■ WHAT TO WORK ON:
The data below should be retyped exactly, with the pictures left out.
GIVEN MATERIAL START
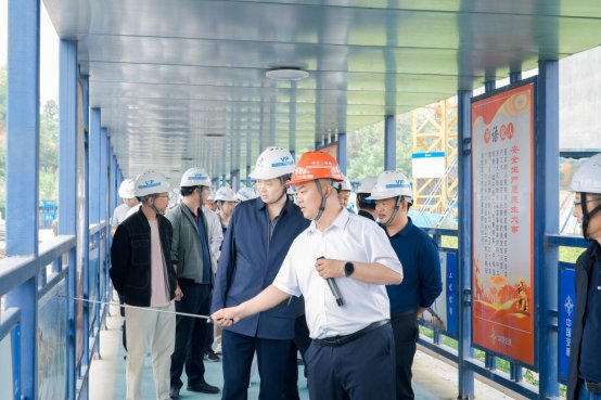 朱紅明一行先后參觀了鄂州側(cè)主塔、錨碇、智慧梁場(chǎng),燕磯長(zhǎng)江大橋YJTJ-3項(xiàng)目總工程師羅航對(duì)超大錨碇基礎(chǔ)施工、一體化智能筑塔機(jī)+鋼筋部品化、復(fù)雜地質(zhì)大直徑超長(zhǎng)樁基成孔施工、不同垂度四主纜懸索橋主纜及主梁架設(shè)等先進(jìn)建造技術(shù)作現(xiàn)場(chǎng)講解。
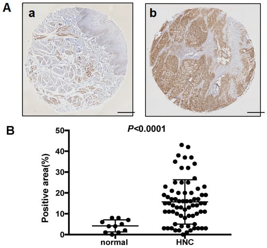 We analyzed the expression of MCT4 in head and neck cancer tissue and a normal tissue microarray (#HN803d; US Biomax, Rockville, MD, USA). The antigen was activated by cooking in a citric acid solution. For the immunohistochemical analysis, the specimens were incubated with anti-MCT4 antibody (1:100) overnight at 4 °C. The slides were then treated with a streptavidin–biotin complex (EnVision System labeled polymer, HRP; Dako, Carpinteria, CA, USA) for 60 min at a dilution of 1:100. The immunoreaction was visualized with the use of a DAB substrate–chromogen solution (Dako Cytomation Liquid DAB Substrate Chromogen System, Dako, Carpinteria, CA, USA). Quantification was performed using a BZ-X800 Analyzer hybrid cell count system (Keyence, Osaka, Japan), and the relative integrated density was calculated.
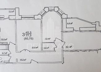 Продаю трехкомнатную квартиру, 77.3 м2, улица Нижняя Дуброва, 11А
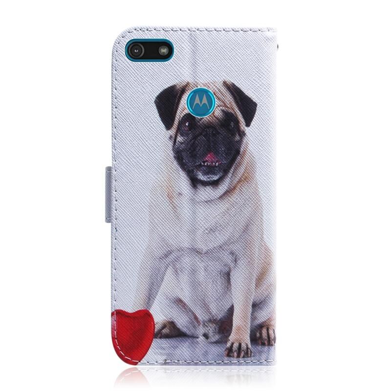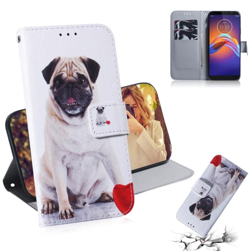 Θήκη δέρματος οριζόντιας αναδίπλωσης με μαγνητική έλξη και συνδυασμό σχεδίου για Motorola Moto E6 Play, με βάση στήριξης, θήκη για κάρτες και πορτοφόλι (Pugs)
GIVEN MATERIAL END
■ PROBLEM SOLUTION:
 朱紅明一行先后參觀了鄂州側(cè)主塔、錨碇、智慧梁場(chǎng),燕磯長(zhǎng)江大橋YJTJ-3項(xiàng)目總工程師羅航對(duì)超大錨碇基礎(chǔ)施工、一體化智能筑塔機(jī)+鋼筋部品化、復(fù)雜地質(zhì)大直徑超長(zhǎng)樁基成孔施工、不同垂度四主纜懸索橋主纜及主梁架設(shè)等先進(jìn)建造技術(shù)作現(xiàn)場(chǎng)講解。
 We analyzed the expression of MCT4 in head and neck cancer tissue and a normal tissue microarray (#HN803d; US Biomax, Rockville, MD, USA). The antigen was activated by cooking in a citric acid solution. For the immunohistochemical analysis, the specimens were incubated with anti-MCT4 antibody (1:100) overnight at 4 °C. The slides were then treated with a streptavidin–biotin complex (EnVision System labeled polymer, HRP; Dako, Carpinteria, CA, USA) for 60 min at a dilution of 1:100. The immunoreaction was visualized with the use of a DAB substrate–chromogen solution (Dako Cytomation Liquid DAB Substrate Chromogen System, Dako, Carpinteria, CA, USA). Quantification was performed using a BZ-X800 Analyzer hybrid cell count system (Keyence, Osaka, Japan), and the relative integrated density was calculated.
 Продаю трехкомнатную квартиру, 77.3 м2, улица Нижняя Дуброва, 11А
 Θήκη δέρματος οριζόντιας αναδίπλωσης με μαγνητική έλξη και συνδυασμό σχεδίου για Motorola Moto E6 Play, με βάση στήριξης, θήκη για κάρτες και πορτοφόλι (Pugs)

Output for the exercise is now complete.